WorkFlex Bridge Agent | Samuel Muriuki

What it is

A 90-minute live coding challenge: build a pipeline from Microsoft Teams messages to Jira tickets via a Gemini function-calling brain, plus a Teams reply on the way back. Submitted, passed engineering review, advanced to the next round.

The problem

The challenge tested two things at once: can you ship a working LLM pipeline under time pressure, and can you handle the boring infrastructure question of 'what happens when free-tier rate limits bite at 30 seconds in?' Most candidates would crash; the grader wanted to see graceful degradation.

What I built

End-to-end pipeline

Mock Teams server emits a message → Gemini function-calling decides whether to create a new Jira ticket or update an existing one → Jira API call lands → Teams reply confirms. Schema-validated JSON throughout (Zod), so malformed LLM responses are caught and re-issued instead of swallowed.

12-key Gemini rotation engine

Round-robin dispatcher across 12 free-tier API keys with per-key quota tracking. Effective rate limit jumps from 15 req/min to ~180 req/min. Detailed walkthrough in the garden post 'A 12-key Gemini rotation system, in 90 minutes.'

Failover + backoff

When a key returns 429, dispatcher marks it cooldown-until-next-window and retries on the next key. Exponential backoff (200ms × 2^attempt) only fires if every key is in cooldown — which under the test load happened roughly never.

The bug caught at minute 78

Cooldown was stored as a boolean instead of a timestamp; a key rate-limited at second 5 stayed marked cooldown at second 95. Three-line fix: store the timestamp, check `Date.now() - cooldown > 60_000` before reusing.

Engineering decisions

Why deterministic round-robin over weighted

Deterministic dispatch is easier to reason about under tests — call N goes to key `N mod 12`, period. Weighted strategies (least-recently-used, lowest-quota-remaining) sound smarter but add state I would have had to debug under time pressure.

Why schema validation as a retry trigger

LLMs are not deterministic. Treating malformed responses as a transient error and re-issuing to the next key gave me a cheap retry budget — much cheaper than catching every Zod failure as a separate exception path.
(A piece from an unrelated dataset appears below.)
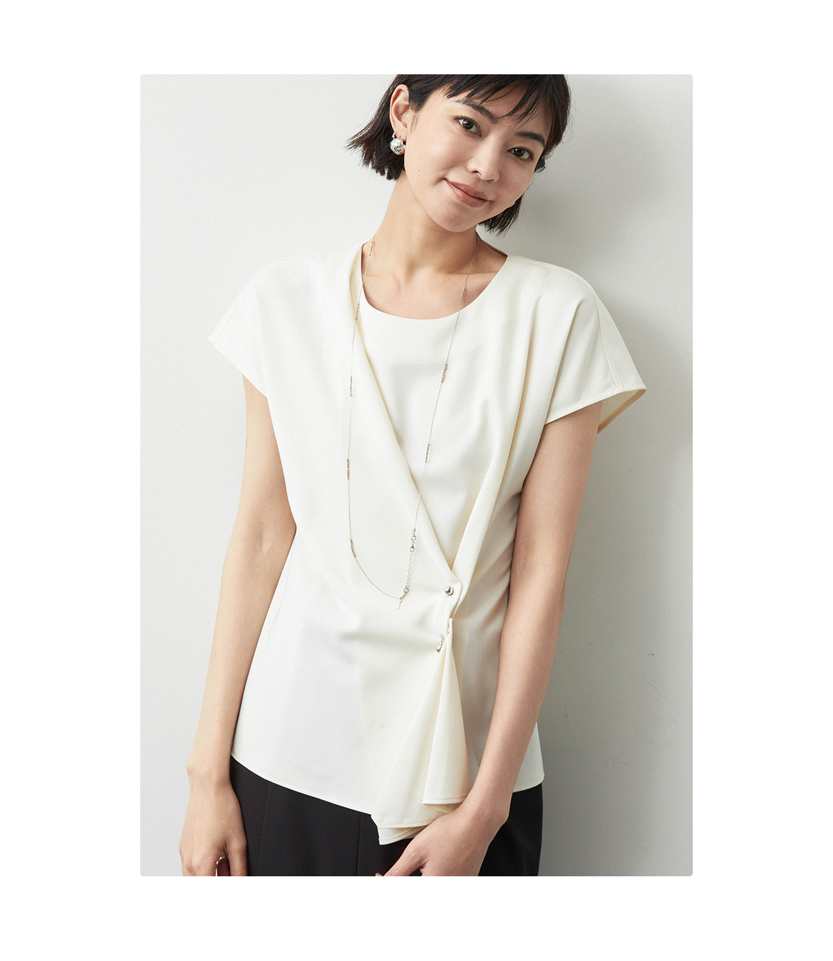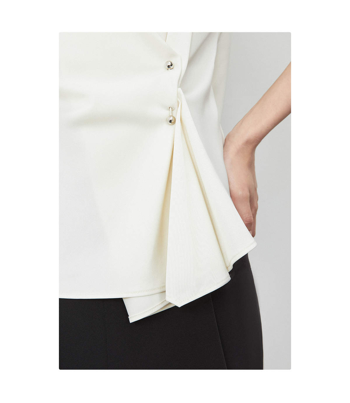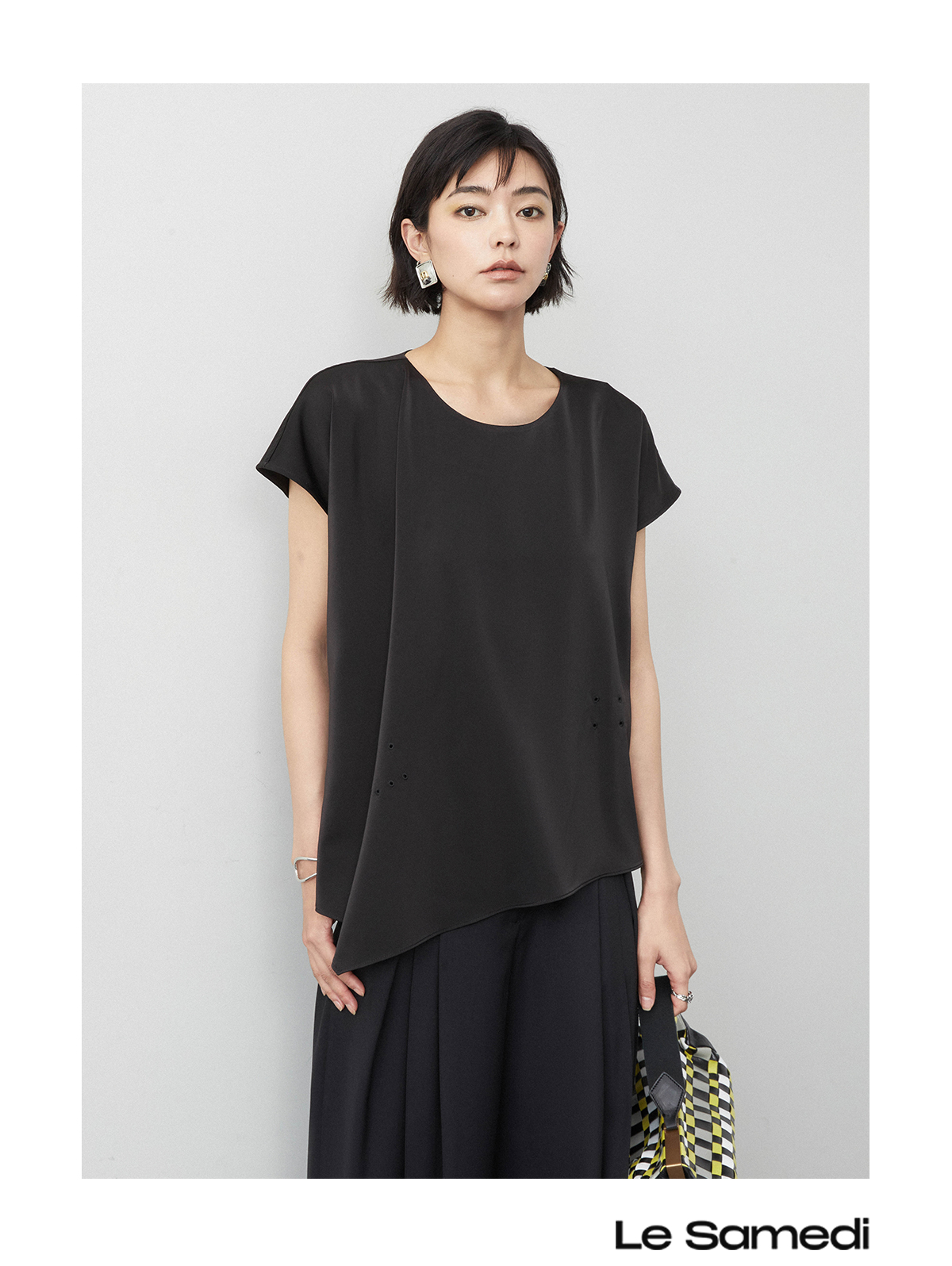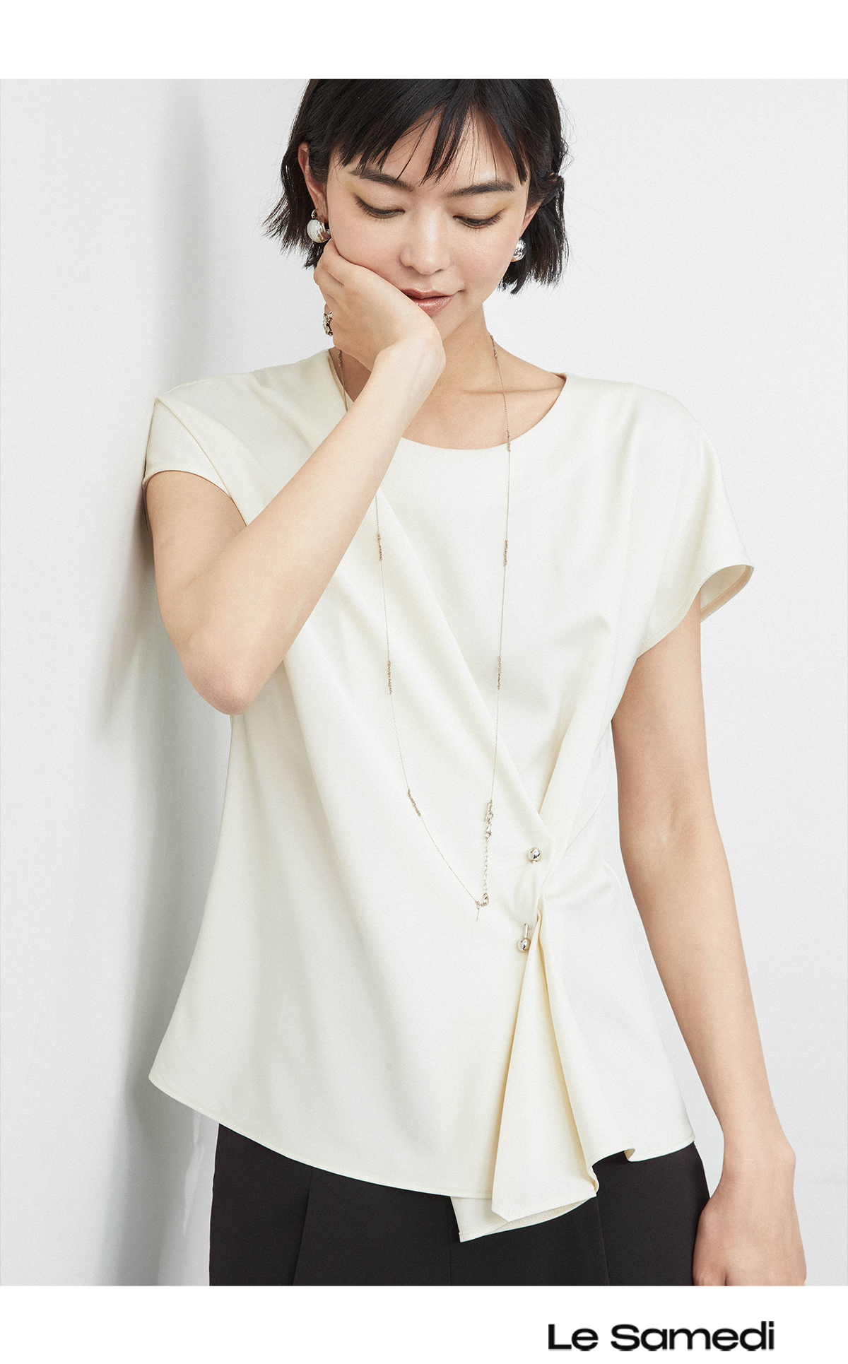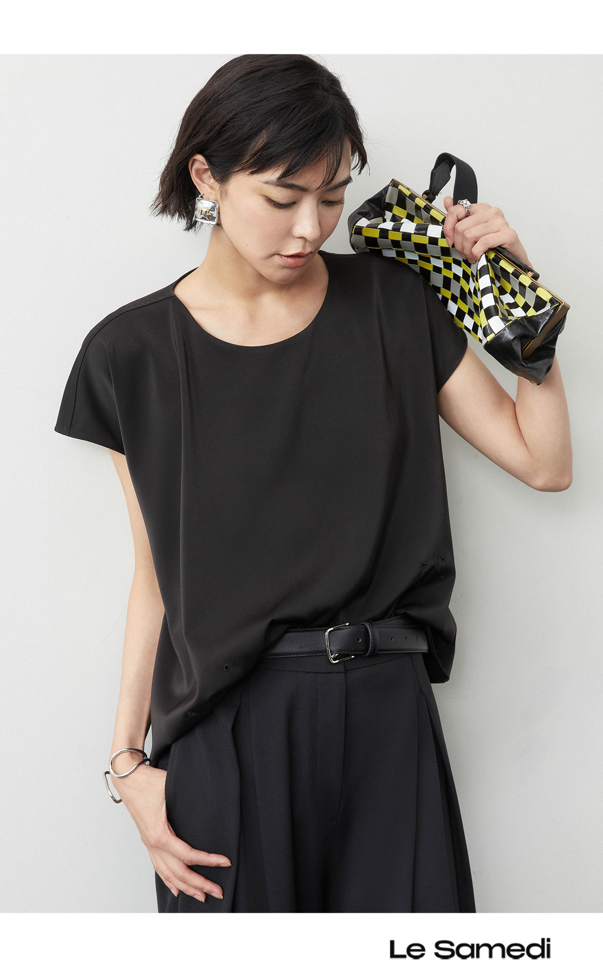 ASAYA2881 Love the elegant metal structure decorative buckle two-wear satin silk soft fashion short-sleeved top

Why function-calling over JSON-mode prompting

Function-calling is the contract Gemini's API enforces structurally. JSON-mode prompts work but rely on the model to produce conformant output, which is exactly the thing I just acknowledged isn't guaranteed.

What I'd do differently

Write the time-window logic with a timestamp on the first try, not the second. Time-window logic is always wrong the first time you write it under pressure. Also: extract the rotation engine as a small npm / PyPI library (it's on the PROJECTS.md backlog) — there are enough free-tier LLM workflows out there that the rotation pattern deserves to be a one-line dependency, not a recurring 200-line copy-paste.